A funnel plot is a simple scatter plot of the intervention effect estimates from individual studies against some measure of each study’s size or precision. In common with forest plots, it is most common to plot the effect estimates on the horizontal scale, and thus the measure of study size on the vertical axis. This is the opposite of conventional graphical displays for scatter plots, in which the outcome (e.g. intervention effect) is plotted on the vertical axis and the covariate (e.g. study size) is plotted on the horizontal axis.
The name ‘funnel plot’ arises from the fact that precision of the estimated intervention effect increases as the size of the study increases. Effect estimates from small studies will therefore scatter more widely at the bottom of the graph, with the spread narrowing among larger studies. In the absence of bias the plot should approximately resemble a symmetrical (inverted) funnel. This is illustrated in Panel A of Figure 10.4.a, in which the effect estimates in the larger studies are close to the true intervention odds ratio of 0.4.
If there is bias, for example because smaller studies without statistically significant effects (shown as open circles in Figure 10.4.a, Panel A) remain unpublished, this will lead to an asymmetrical appearance of the funnel plot with a gap in a bottom corner of the graph (Panel B). In this situation the effect calculated in a meta-analysis will tend to overestimate the intervention effect (Egger 1997a, Villar 1997). The more pronounced the asymmetry, the more likely it is that the amount of bias will be substantial.

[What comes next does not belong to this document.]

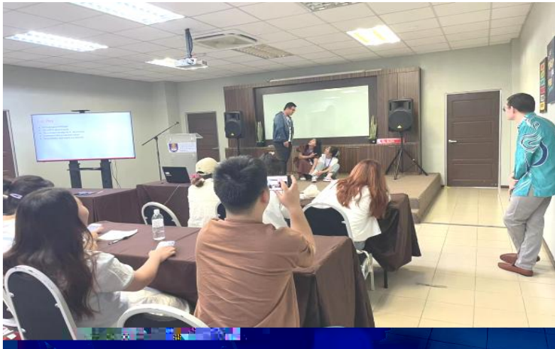
English Enrichment Course Class

Funnel plots were first used in educational research and psychology, with effect estimates plotted against total sample size (Light 1984). It is now usually recommended that the standard error of the intervention effect estimate be plotted, rather than the total sample size, on the vertical axis (Sterne 2001). This is because statistical power of a trial is determined by factors in addition to sample size, such as the number of participants experiencing the event for dichotomous outcomes, and the standard deviation of responses for continuous outcomes. For example, a study with 100,000 participants and 10 events is less likely to show a statistically significant intervention effect than a study with 1000 participants and 100 events. The standard error summarizes these other factors. Plotting standard errors on a reversed scale places the larger, or most powerful, studies towards the top of the plot. Another potential advantage of using standard errors is that a simple triangular region can be plotted, within which 95% of studies would be expected to lie in the absence of both biases and heterogeneity. These regions are included in Figure 10.4.a. Funnel plots of effect estimates against their standard errors (on a reversed scale) can be created using RevMan. A triangular 95% confidence region based on a fixed-effect meta-analysis can be included in the plot, and different plotting symbols allow studies in different subgroups to be identified.
Publication bias need not lead to asymmetry in funnel plots. In the absence of any intervention effect, selective publication based on the P value alone will lead to a symmetrical funnel plot in which studies on the extreme left or right are more likely to be published than those in the middle. This could bias the estimated between-study heterogeneity variance.
Ratio measures of intervention effect (such as odds ratios and risk ratios) should be plotted on a logarithmic scale. This ensures that effects of the same magnitude but opposite directions (for example odds ratios of 0.5 and 2) are equidistant from 1.0. For outcomes measured on a continuous (numerical) scale (e.g. blood pressure, depression score) intervention effects are measured as mean differences or standardized mean differences, which should therefore be used as the horizontal axis in funnel plots. So far as we are aware, no empirical investigations have examined choice of axes for funnel plots for continuous outcomes. For mean differences, the standard error is approximately proportional to the inverse of the square root of the number of participants, and therefore seems an uncontroversial choice for the vertical axis.
Some authors have argued that visual interpretation of funnel plots is too subjective to be useful. In particular, Terrin et al. found that researchers had only a limited ability to correctly identify funnel plots from meta-analyses subject to publication bias (Terrin 2005).
A further, important, problem with funnel plots is that some effect estimates (e.g. odds ratios and standardized mean differences) are naturally correlated with their standard errors, and can produce spurious asymmetry in a funnel plot. We discuss this problem in more detail in Section 10.4.3.